Only a number is wanted here: how many lines in the entries below contain the word "ideal".

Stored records
>>>

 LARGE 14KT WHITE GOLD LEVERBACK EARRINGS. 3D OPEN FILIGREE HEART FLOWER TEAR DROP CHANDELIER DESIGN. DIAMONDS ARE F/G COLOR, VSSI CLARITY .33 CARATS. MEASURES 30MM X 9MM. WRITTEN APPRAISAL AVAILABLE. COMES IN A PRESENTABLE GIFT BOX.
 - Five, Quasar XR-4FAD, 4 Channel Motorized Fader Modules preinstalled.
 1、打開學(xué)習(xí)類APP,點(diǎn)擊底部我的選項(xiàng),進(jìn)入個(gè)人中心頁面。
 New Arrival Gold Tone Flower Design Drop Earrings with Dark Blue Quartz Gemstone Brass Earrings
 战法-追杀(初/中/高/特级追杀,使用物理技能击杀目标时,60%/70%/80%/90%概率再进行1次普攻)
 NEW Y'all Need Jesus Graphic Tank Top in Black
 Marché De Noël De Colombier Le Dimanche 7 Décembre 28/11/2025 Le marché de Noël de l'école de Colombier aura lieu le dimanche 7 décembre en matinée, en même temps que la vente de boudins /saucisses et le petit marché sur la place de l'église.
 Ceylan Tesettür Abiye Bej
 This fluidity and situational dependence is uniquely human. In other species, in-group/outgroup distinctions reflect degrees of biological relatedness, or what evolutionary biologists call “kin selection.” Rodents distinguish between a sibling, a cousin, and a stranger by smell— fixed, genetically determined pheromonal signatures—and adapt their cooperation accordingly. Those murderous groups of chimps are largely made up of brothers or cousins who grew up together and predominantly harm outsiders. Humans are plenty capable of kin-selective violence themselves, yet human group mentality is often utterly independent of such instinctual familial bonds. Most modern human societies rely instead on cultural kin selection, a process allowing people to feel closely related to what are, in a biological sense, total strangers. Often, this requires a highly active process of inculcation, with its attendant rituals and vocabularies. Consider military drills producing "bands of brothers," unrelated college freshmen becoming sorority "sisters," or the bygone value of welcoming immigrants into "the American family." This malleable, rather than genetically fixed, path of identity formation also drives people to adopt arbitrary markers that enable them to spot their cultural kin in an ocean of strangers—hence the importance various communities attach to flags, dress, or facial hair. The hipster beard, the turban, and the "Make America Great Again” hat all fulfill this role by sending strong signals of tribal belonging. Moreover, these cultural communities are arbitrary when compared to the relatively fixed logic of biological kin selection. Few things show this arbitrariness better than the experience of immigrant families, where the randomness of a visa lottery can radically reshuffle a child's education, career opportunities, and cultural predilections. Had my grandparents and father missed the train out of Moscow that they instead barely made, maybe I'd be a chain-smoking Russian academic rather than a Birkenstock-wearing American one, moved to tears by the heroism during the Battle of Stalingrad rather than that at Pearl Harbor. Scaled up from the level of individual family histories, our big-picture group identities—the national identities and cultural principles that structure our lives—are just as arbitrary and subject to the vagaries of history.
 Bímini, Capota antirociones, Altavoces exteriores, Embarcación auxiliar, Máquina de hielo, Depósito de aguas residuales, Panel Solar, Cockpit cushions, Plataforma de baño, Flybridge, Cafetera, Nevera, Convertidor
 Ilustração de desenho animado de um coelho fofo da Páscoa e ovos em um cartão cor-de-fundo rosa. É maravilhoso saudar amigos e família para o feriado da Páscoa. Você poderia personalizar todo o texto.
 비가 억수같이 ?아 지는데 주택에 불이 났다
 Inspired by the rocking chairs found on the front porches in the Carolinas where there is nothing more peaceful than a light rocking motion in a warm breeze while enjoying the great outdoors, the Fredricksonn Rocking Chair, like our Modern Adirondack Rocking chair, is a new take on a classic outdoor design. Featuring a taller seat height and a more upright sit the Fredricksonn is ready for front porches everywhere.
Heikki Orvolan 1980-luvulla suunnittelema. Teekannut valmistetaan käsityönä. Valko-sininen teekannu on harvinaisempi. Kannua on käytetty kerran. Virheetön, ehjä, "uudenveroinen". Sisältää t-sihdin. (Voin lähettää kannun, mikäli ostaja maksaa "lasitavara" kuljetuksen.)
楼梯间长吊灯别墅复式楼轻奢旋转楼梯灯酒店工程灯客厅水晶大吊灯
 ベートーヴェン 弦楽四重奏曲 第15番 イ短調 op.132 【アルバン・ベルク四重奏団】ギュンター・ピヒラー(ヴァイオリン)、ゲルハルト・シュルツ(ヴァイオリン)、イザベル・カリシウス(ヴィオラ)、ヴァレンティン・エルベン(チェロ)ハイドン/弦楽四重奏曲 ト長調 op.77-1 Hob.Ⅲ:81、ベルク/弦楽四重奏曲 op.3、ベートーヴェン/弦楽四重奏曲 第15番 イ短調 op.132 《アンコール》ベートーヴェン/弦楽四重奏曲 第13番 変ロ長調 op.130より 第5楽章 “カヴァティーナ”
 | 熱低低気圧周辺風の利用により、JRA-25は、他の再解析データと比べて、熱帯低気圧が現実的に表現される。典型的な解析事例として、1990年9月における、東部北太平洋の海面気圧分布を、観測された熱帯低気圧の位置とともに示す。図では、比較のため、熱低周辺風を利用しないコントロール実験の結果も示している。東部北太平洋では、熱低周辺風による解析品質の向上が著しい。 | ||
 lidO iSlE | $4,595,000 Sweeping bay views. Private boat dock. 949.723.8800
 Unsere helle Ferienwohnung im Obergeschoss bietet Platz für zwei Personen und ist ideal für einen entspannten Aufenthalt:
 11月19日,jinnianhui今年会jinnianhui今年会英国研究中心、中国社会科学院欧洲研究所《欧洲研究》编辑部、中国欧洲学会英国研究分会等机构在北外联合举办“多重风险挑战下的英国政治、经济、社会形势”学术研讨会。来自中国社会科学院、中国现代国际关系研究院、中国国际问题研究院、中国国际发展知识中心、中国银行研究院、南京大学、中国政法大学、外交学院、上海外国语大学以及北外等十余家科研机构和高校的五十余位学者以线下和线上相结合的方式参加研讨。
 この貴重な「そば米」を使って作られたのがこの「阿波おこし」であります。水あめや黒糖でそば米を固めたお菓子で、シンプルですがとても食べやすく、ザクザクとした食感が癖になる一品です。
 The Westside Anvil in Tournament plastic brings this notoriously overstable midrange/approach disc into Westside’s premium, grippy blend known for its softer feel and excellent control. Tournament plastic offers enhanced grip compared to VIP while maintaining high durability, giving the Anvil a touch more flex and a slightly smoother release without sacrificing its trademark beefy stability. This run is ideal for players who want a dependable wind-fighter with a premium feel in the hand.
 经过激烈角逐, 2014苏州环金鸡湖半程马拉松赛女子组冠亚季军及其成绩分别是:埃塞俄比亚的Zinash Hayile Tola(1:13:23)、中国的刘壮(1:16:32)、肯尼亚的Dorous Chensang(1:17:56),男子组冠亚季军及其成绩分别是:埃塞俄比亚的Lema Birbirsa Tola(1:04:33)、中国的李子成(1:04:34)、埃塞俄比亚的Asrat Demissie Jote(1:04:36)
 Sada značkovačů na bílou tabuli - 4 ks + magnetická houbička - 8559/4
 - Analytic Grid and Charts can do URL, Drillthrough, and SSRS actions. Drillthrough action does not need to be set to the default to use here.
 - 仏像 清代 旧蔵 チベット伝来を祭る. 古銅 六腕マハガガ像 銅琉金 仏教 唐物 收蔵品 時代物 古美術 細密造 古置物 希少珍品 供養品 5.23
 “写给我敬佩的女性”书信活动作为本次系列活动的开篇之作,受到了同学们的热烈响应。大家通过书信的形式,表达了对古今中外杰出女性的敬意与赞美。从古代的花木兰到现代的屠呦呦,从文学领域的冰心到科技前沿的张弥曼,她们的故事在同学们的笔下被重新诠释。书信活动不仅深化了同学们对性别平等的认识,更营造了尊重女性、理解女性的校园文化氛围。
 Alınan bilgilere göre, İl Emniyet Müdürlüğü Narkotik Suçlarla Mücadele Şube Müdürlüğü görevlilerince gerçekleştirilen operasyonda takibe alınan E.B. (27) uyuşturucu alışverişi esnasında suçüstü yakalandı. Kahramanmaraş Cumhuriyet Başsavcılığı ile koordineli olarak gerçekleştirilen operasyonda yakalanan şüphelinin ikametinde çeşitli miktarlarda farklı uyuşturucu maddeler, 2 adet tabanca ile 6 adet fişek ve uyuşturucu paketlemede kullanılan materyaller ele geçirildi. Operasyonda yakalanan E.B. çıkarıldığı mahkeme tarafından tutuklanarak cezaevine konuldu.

<<<

* _Exercise response_:
2